*** Opening of Task material ***
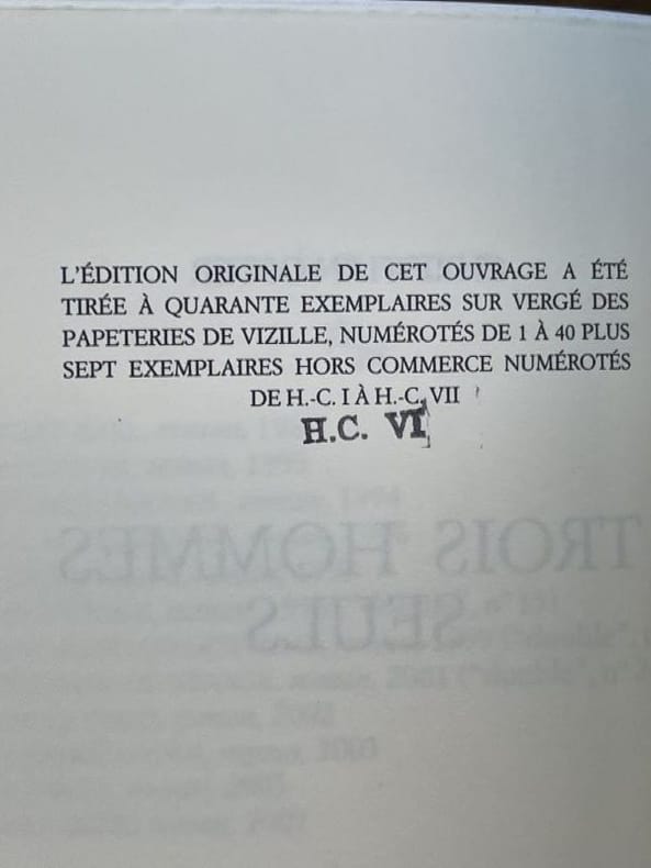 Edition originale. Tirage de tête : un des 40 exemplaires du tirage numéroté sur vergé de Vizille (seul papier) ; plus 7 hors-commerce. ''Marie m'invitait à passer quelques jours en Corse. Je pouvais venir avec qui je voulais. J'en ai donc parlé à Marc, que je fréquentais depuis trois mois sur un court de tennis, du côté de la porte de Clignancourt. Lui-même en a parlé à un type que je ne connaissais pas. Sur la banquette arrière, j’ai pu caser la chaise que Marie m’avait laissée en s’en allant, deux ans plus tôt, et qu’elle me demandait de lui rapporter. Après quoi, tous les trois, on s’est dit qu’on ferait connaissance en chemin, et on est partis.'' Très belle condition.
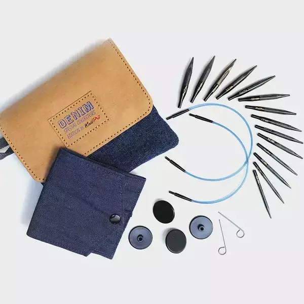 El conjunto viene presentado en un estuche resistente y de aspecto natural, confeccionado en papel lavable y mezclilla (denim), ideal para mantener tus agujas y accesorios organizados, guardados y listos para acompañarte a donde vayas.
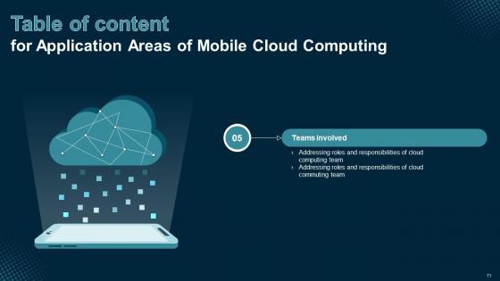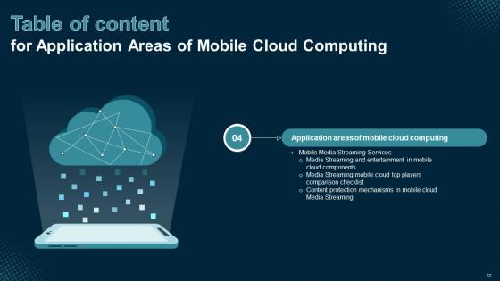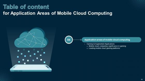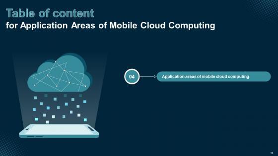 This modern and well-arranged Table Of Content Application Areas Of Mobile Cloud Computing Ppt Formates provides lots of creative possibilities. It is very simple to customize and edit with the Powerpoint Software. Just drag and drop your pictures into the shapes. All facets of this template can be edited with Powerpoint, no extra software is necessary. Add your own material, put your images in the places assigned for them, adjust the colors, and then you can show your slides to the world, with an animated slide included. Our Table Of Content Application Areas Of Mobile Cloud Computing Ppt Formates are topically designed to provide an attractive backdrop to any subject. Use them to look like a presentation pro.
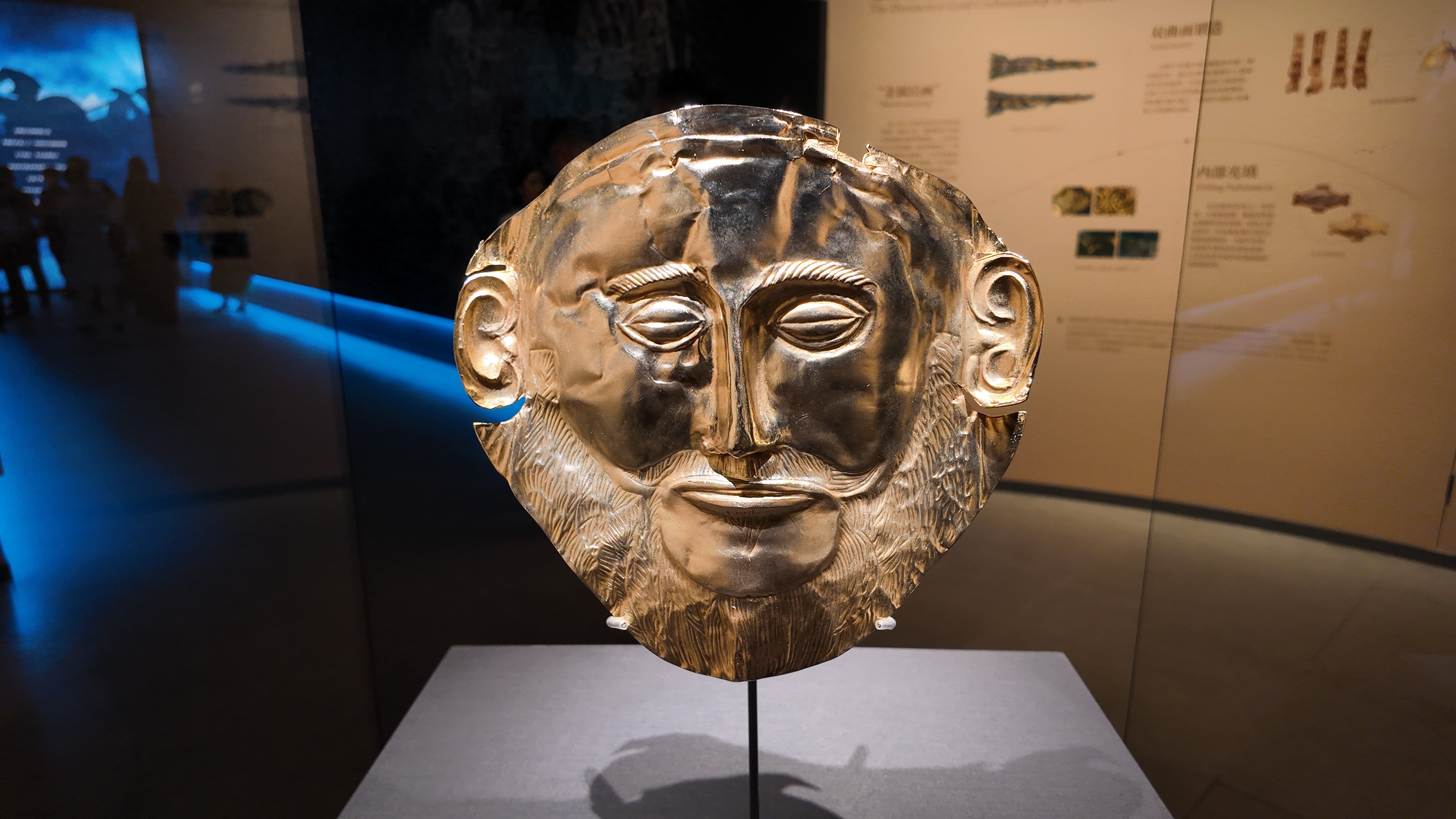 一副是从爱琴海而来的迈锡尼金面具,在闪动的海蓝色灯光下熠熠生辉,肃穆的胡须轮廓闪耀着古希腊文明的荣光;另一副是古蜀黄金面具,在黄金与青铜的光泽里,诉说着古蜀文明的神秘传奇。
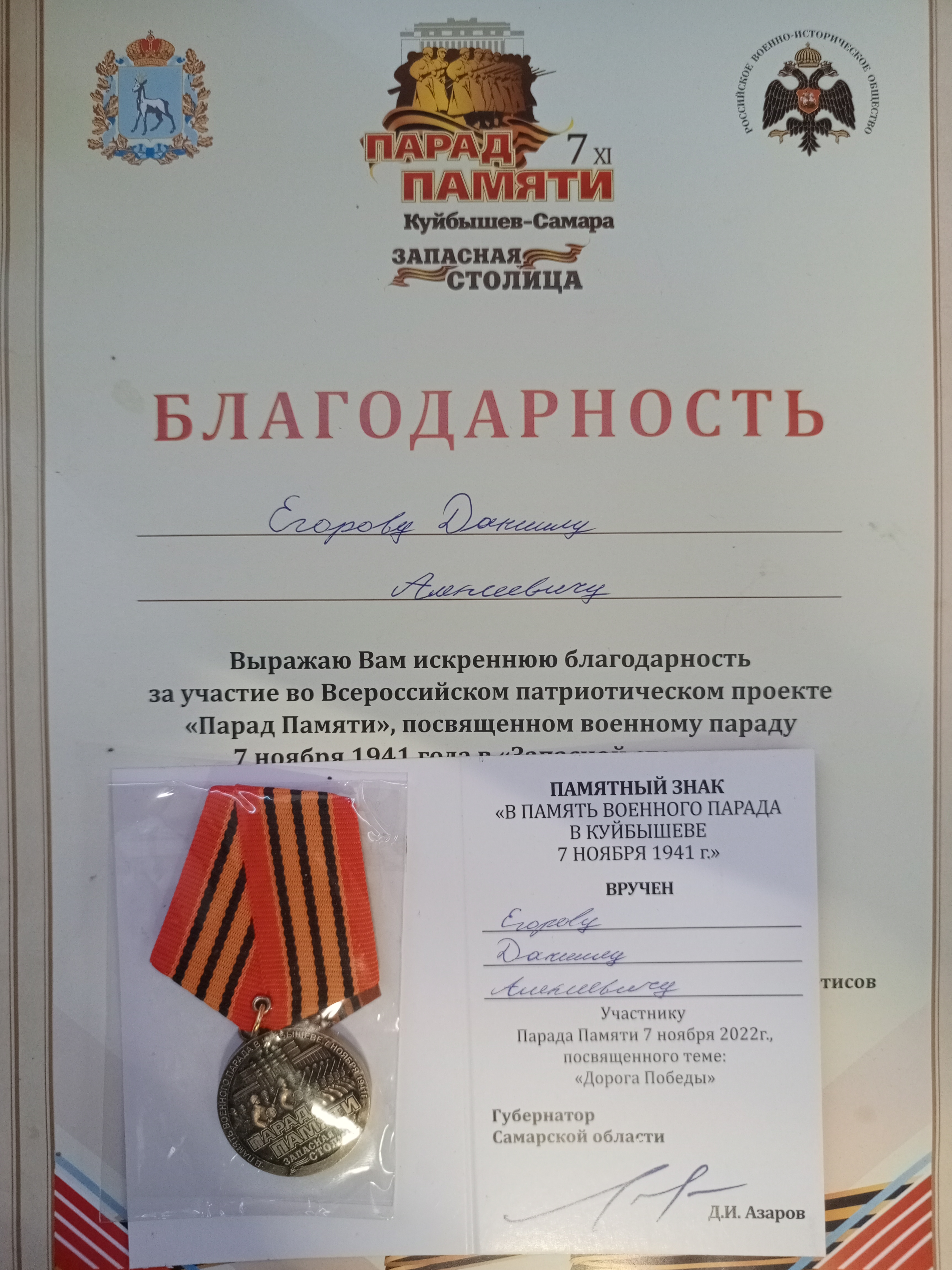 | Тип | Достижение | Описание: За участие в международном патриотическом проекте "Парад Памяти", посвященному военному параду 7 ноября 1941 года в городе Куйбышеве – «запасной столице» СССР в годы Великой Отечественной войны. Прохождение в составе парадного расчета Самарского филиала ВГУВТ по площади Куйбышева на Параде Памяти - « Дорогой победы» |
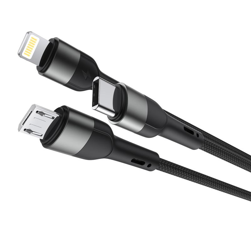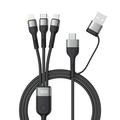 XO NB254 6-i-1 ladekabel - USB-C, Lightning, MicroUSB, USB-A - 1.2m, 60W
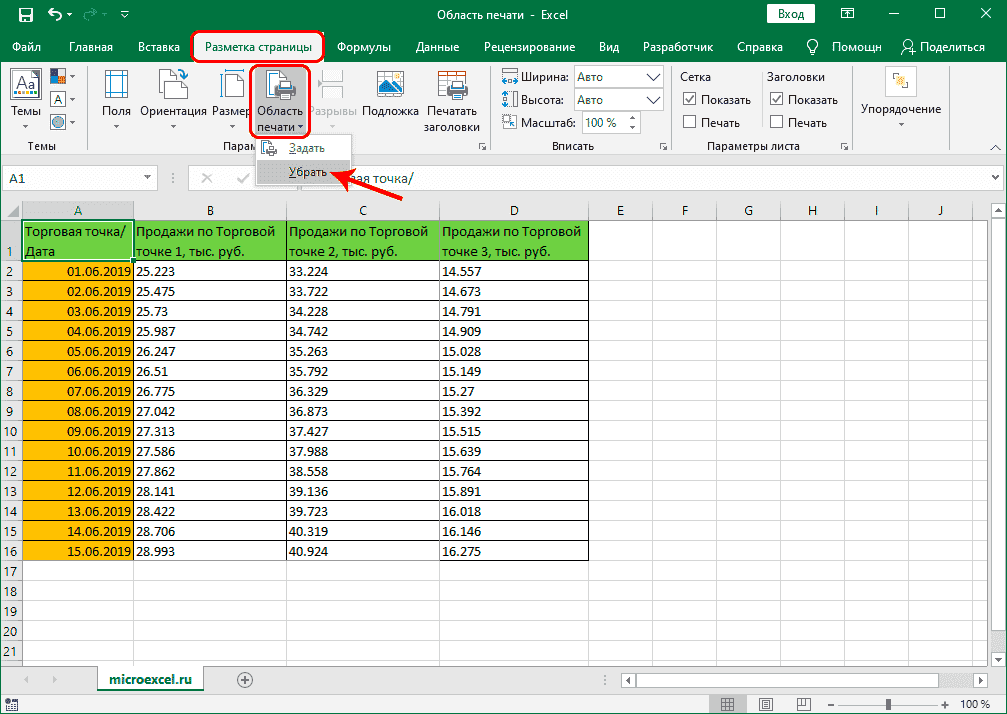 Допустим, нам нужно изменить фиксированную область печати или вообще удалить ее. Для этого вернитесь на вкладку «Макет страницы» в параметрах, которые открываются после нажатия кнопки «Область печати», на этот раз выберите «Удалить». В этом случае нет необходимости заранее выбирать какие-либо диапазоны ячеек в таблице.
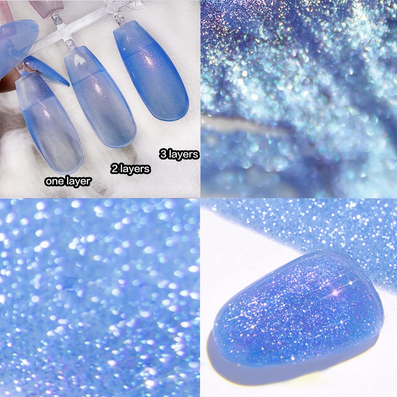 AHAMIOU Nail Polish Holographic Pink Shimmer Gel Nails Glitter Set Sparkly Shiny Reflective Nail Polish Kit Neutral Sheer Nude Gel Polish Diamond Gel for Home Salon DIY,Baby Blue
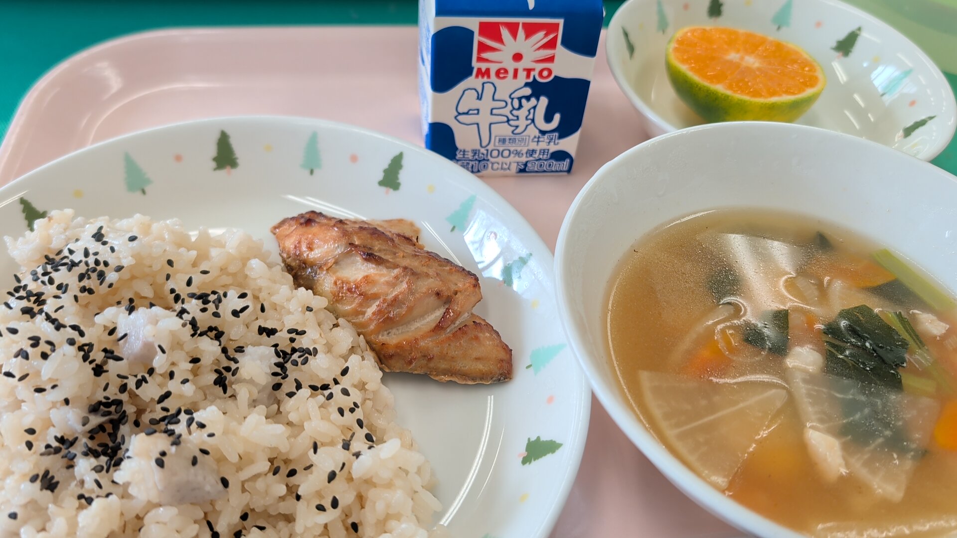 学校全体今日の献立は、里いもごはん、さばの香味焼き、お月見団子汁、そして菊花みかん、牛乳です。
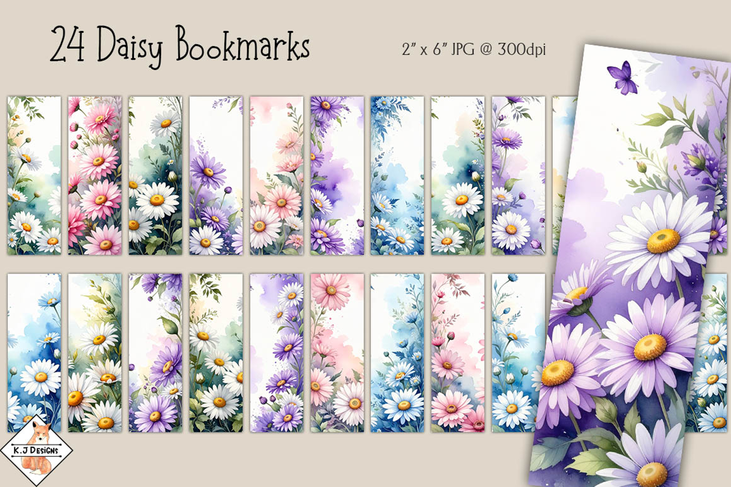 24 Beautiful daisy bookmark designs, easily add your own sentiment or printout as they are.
*** Close of Task material ***
_The problem_. Your task is to write out, exactly and without pictures, only the lines from the one holding "XO NB254 6-i-1" to the last line of the data.

_Output below_.
 XO NB254 6-i-1 ladekabel - USB-C, Lightning, MicroUSB, USB-A - 1.2m, 60W
 Допустим, нам нужно изменить фиксированную область печати или вообще удалить ее. Для этого вернитесь на вкладку «Макет страницы» в параметрах, которые открываются после нажатия кнопки «Область печати», на этот раз выберите «Удалить». В этом случае нет необходимости заранее выбирать какие-либо диапазоны ячеек в таблице.
 AHAMIOU Nail Polish Holographic Pink Shimmer Gel Nails Glitter Set Sparkly Shiny Reflective Nail Polish Kit Neutral Sheer Nude Gel Polish Diamond Gel for Home Salon DIY,Baby Blue
 学校全体今日の献立は、里いもごはん、さばの香味焼き、お月見団子汁、そして菊花みかん、牛乳です。
 24 Beautiful daisy bookmark designs, easily add your own sentiment or printout as they are.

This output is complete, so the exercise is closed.